Love is only complicated in films. I realized this last night, as I watched Pretty Woman, on television. We all know the tale of the hooker with the heart of gold who showed the most pessimistic bachelor exactly what he was missing-true love, right?
In real life, love is simple. Relationships can be complicated because we complicate them. But love is the clearest emotion you will ever feel, the most easily recognized, and the most sought after. Yet, you cannot will it to come, nor can you wish it away. It exists without our wanting, chooses it’s own partner despite what are heads/friends/family may say and can never be forced.

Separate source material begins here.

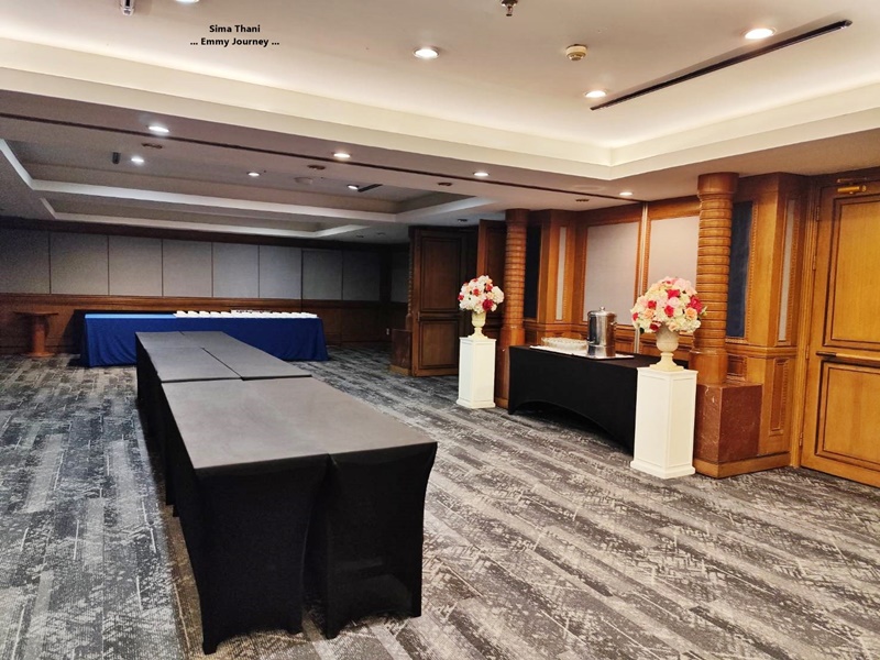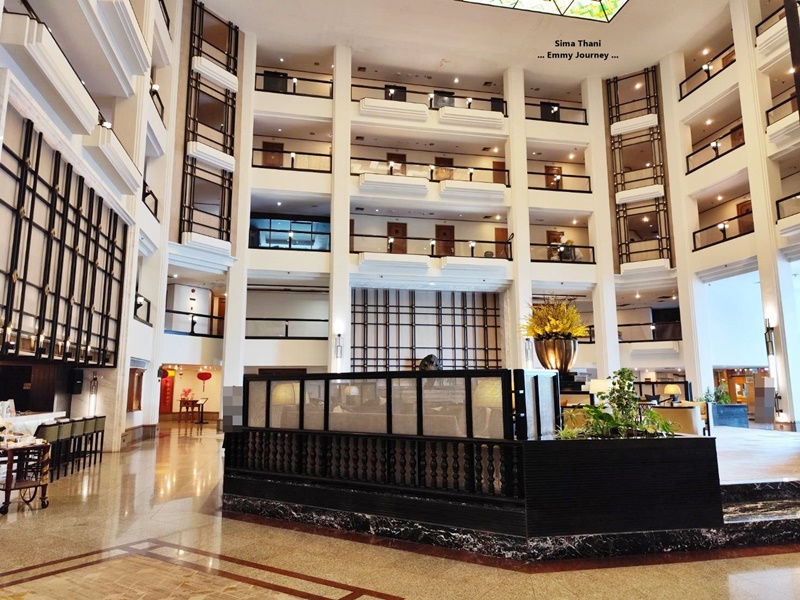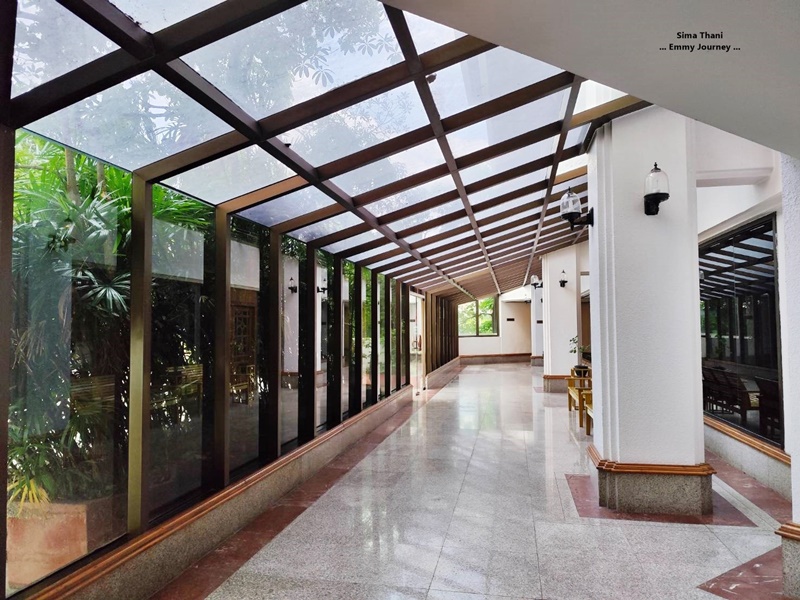 จากชั้นที่เราพัก ห้องอาหารเช้าต้องเดินมาทางด้านห้องสัมมนาและเดินลงบันไดมาชั้นล่าง

Now, I recently heard Pretty Woman is not based on a true story. Bummer. But there is still much to be learned from this modern day (circa 1990) fairy tale. I picked up a few new tips from our heroine, Vivianne, I would like to share.
Learn how to drive stick. This will set you apart from the other hookers on Hollywood Blvd and really expand your territory!
Come to the rescue. It is completely possible and sometimes necessary for a woman to rescue a man.
Do you. Always be yourself, even if yourself is a high school drop-out turned hooker.
Smile big. Well maybe not as big as Julia but laugh loudly and often. Happiness and laughter are contagious and alluring.
Ask and you shall receive. If you’re not getting what you need from a relationship, say so. Tell them what you need and be prepared for the response. If they can’t give you what you need, that is all that this means. Do not read into it. Never let this convince you that no one else can.
Know when to hold ’em and know when to fold ’em. If a relationship is worth fighting for-fight. You can’t be too proud to make yourself happy. But, know when to call it, when you’ve said and done enough. And accept with dignity that it is out of your hands.
There is no such thing as a “Knight in Shining Armor.” There are just men; some good, some bad, some strong, some wise, some complicated, some simple, some we love, some we hate, some that inspire us, some that abandon us, some that rescue us, some we forget and some who will always remain. Just try to choose one best suited for you. And, if it doesn’t work out, know there is another-not better, not worse. Just another piece, of a different shape, that you will try to fit into your puzzle.